Kana-furi is performed using a dictionary dedicated to the item. The kana-furi method searches for field-specific dictionaries i 1 Q 5 using the item data as KEY, and when a match is found, moves the kana registered in the field-specific dictionary 106 . If kana is not obtained, the Japanese language processing system is called and the basic dictionary 115 is used to determine the kana.

データの人力形式は、単項口データの場合は゛°項目デ
ータ”であり、複数項目データをルコードで処理する場
合は、“項目データ１”／“項目データ２”／・・・・
・・・・・／“項目データＮ”のように各項目データを
スラッシュで区切るようにしている。そして、８力され
る情報は、入力項目データに対する読み（カタカナ）と
カナデータの典拠辞書識別（どの辞書に基づいてカナが
振られたかの識別）である、、処理種３の出力形式はｉ
ｌ１図のようになっており、■分野別辞書１０６で読み
が取得された場合、■基本辞書Ｉｔｓて読みが取得され
た場合、■分野別辞書１０６及び基本辞書１１５の両方
共に読みが登録されていない場合、に分けて識別コート
（例えはＡＡ、ＡＢ、Ａ（：）を与えている。
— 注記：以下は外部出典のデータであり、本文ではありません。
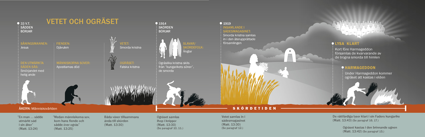 2 De händelser som utspelade sig på jordbrukarens åker illustrerar när och hur Jesus skulle samla ihop hela veteklassen – smorda kristna som ska regera tillsammans med honom i hans rike. Sådden började vid pingsten år 33 v.t. Insamlandet fullbordas när de smorda som lever vid slutet för den här världsordningen slutgiltigt blir försedda med sigill och sedan tas till himlen. (Matt. 24:31; Upp. 7:1–4) Precis som en utkikspunkt på ett berg kan ge oss en överblick över omgivningen kan den här liknelsen ge oss en panoramavy över händelser som skulle utspela sig under en period på omkring 2 000 år. Vilken händelseutveckling som hör samman med Guds rike kan vi se? Liknelsen beskriver en tid av sådd, tillväxt och skörd. Den här artikeln handlar främst om skördetiden.a

The manual format of data is "item data" for single item data, and "item data 1"/"item data 2"/... when processing multiple item data with a code.
.../"Item data N", each item data is separated by a slash. The input information is the reading (katakana) for the input item data and the authority dictionary identification of the kana data (identification of which dictionary the kana was assigned based on).The output format of processing type 3 is i
As shown in Figure 11, ■ If the reading is acquired in the field-specific dictionary 106, ■ If the reading is acquired in the basic dictionary Its, ■ The reading is registered in both the field-specific dictionary 106 and the basic dictionary 115. If not, it is divided into identification codes (for example, AA, AB, A (:)).

分野別辞書１０６を使用したカナ振りで処理対象となる
データは、人名、地名、各種専門用語等の項目データ（
主に固有名詞）であり、総ルビ振りで処理対象となるデ
ータは日本語の漢字かな交じり文である。総ルビ振り（
漢字（列）単位のカナ振り）の機能は、日本語文意（漢
字かな交じり文）を入力して全ての漢字に対してカナ振
りを行なうものである。カナ振り方法は、人力原文中の
漢字（列）　　（ＪＩＳ非漢字以外）に対してカナ（ル
ビ）を振り、ルビは「群扱いルビ」の形式で振られる。The data to be processed in kana-furi using the field-specific dictionary 106 includes item data such as person names, place names, and various technical terms (
The data to be processed with full ruby processing is Japanese kanji and kana mixed sentences. Total ruby swing (
The function (Kana-Furi for each Kanji (column)) is to input the meaning of a Japanese sentence (a combination of Kanji and Kana) and perform Kana-Furi for all kanji. In the kana-furi method, kana (ruby) is cast for kanji (rows) (other than JIS non-kanji) in the human original text, and ruby is cast in the form of ``group ruby''.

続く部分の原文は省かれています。